(Information provided Opens)
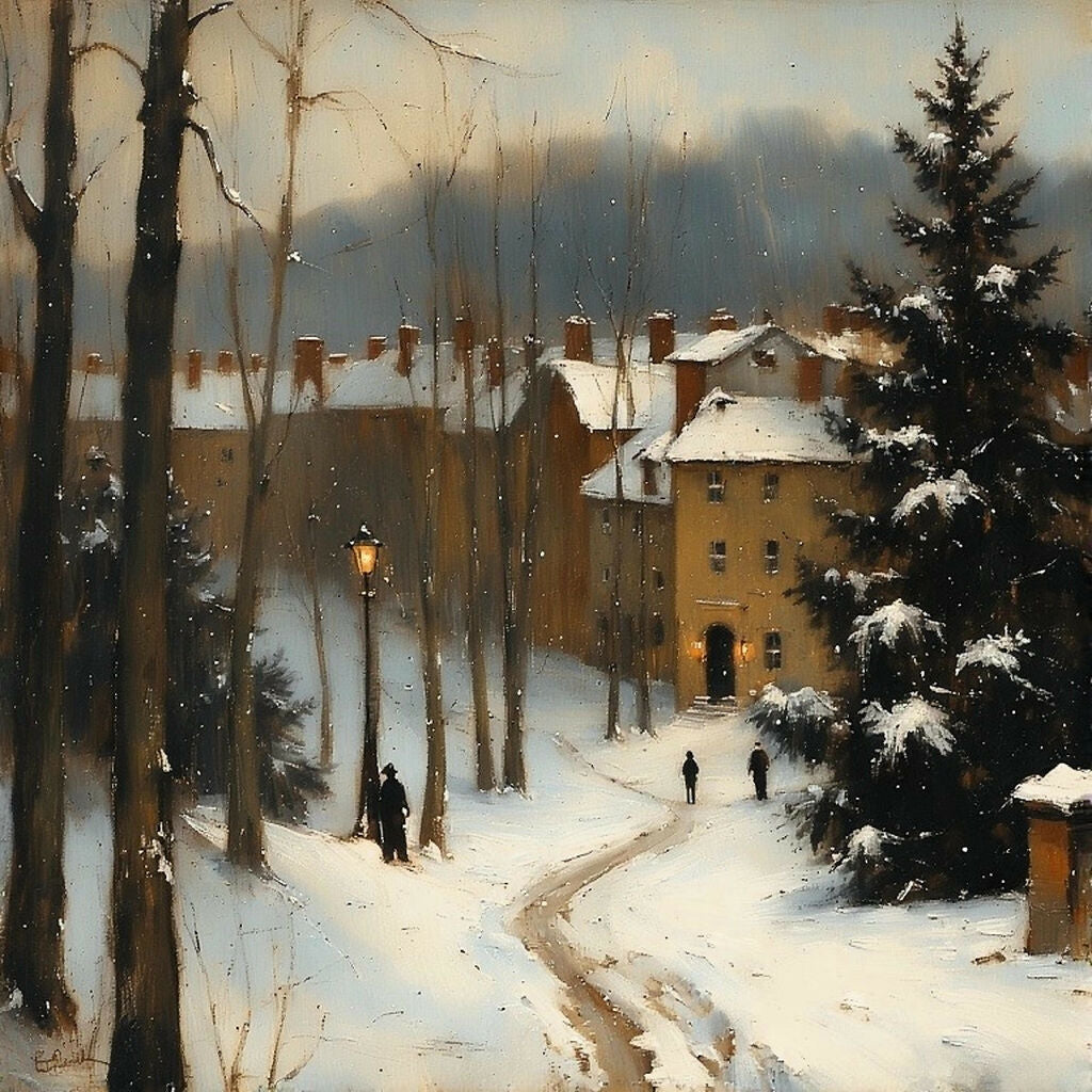 This Ai landscape painting depicts a serene winter scene, at dusk as soft snow gently falls. A winding, snow-covered path leads through a landscape dotted with bare trees and a prominent, snow-laden evergreen on the right. In the background, warm lights emanate from the windows and doorways of snow-capped buildings, creating a sense of cozy refuge.
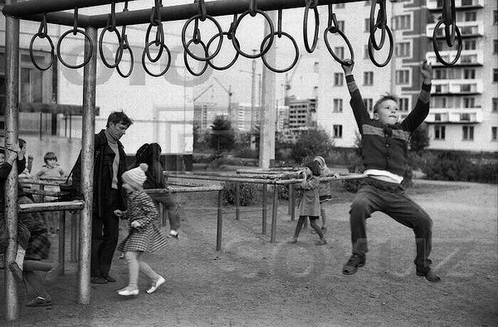 На первом фото пр… ка в трусах на фоне противогазов — горбачевская ш… ва, которой очень хотелось быть свободной и независимой. Найти бы ее сейчас. Наверное до сих пор в тех же трусах ходит, в своем капитализме. Остальные снимки — просто замечательные. Спасибо автор!
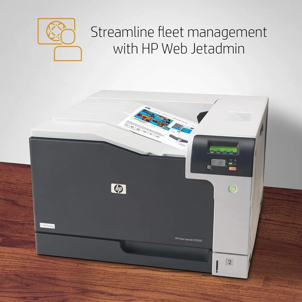 The HP LaserJet 230 CP5225n is a color laser printer designed for office environments requiring reliable, high-volume printing. It features a print resolution of up to 1200 x 1200 dpi, which enables sharp text and vibrant color output. The printer supports network connectivity via an integrated 10/100Base-TX Ethernet port, allowing easy sharing across multiple users. It is powered by a 450 MHz processor and has 128 MB RAM, expandable to 384 MB, supporting complex print jobs efficiently. The device can print at speeds up to 20 pages per minute in both color and black & white. Standard input capacity is 500 sheets, with additional trays available to increase total input capacity for high-volume needs.
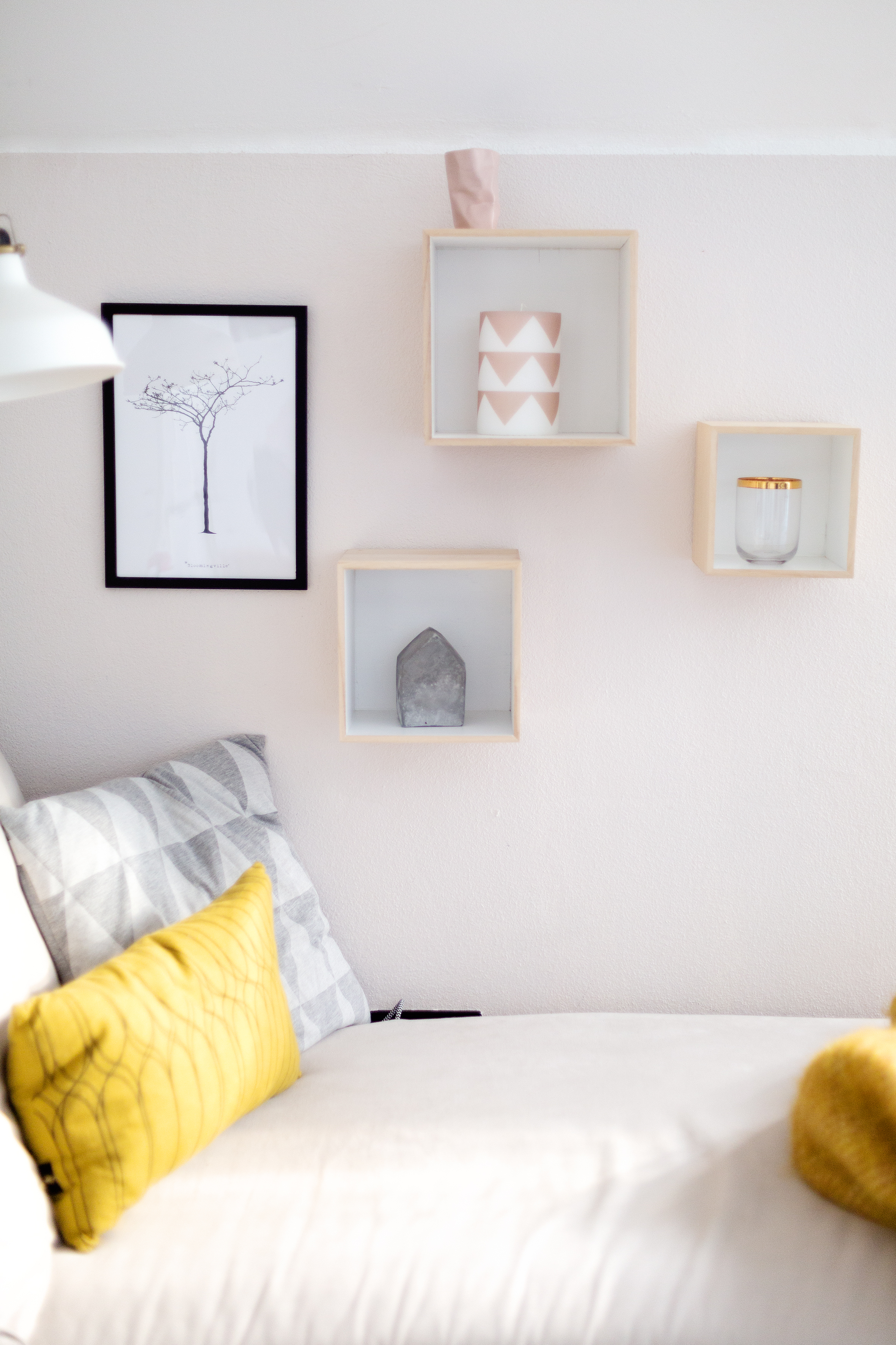 Melanie: Ganz klar mit Holz und Stoffen. Vor ca einem Jahr entdeckte ich außerdem Metall für mich und mein Zuhause. Überall sind einzelne Elemente in Gold und Kupfer zu sehen. Diese Materialien sorgen neben dem Holz für Wärme und eine Prise Glamour.
(Information provided Closes)
### [Exercise requirements]
Keep the pictures out, and write out the rest of the data above word for word.

### [Result of the exercise]
 This Ai landscape painting depicts a serene winter scene, at dusk as soft snow gently falls. A winding, snow-covered path leads through a landscape dotted with bare trees and a prominent, snow-laden evergreen on the right. In the background, warm lights emanate from the windows and doorways of snow-capped buildings, creating a sense of cozy refuge.
 На первом фото пр… ка в трусах на фоне противогазов — горбачевская ш… ва, которой очень хотелось быть свободной и независимой. Найти бы ее сейчас. Наверное до сих пор в тех же трусах ходит, в своем капитализме. Остальные снимки — просто замечательные. Спасибо автор!
 The HP LaserJet 230 CP5225n is a color laser printer designed for office environments requiring reliable, high-volume printing. It features a print resolution of up to 1200 x 1200 dpi, which enables sharp text and vibrant color output. The printer supports network connectivity via an integrated 10/100Base-TX Ethernet port, allowing easy sharing across multiple users. It is powered by a 450 MHz processor and has 128 MB RAM, expandable to 384 MB, supporting complex print jobs efficiently. The device can print at speeds up to 20 pages per minute in both color and black & white. Standard input capacity is 500 sheets, with additional trays available to increase total input capacity for high-volume needs.
 Melanie: Ganz klar mit Holz und Stoffen. Vor ca einem Jahr entdeckte ich außerdem Metall für mich und mein Zuhause. Überall sind einzelne Elemente in Gold und Kupfer zu sehen. Diese Materialien sorgen neben dem Holz für Wärme und eine Prise Glamour.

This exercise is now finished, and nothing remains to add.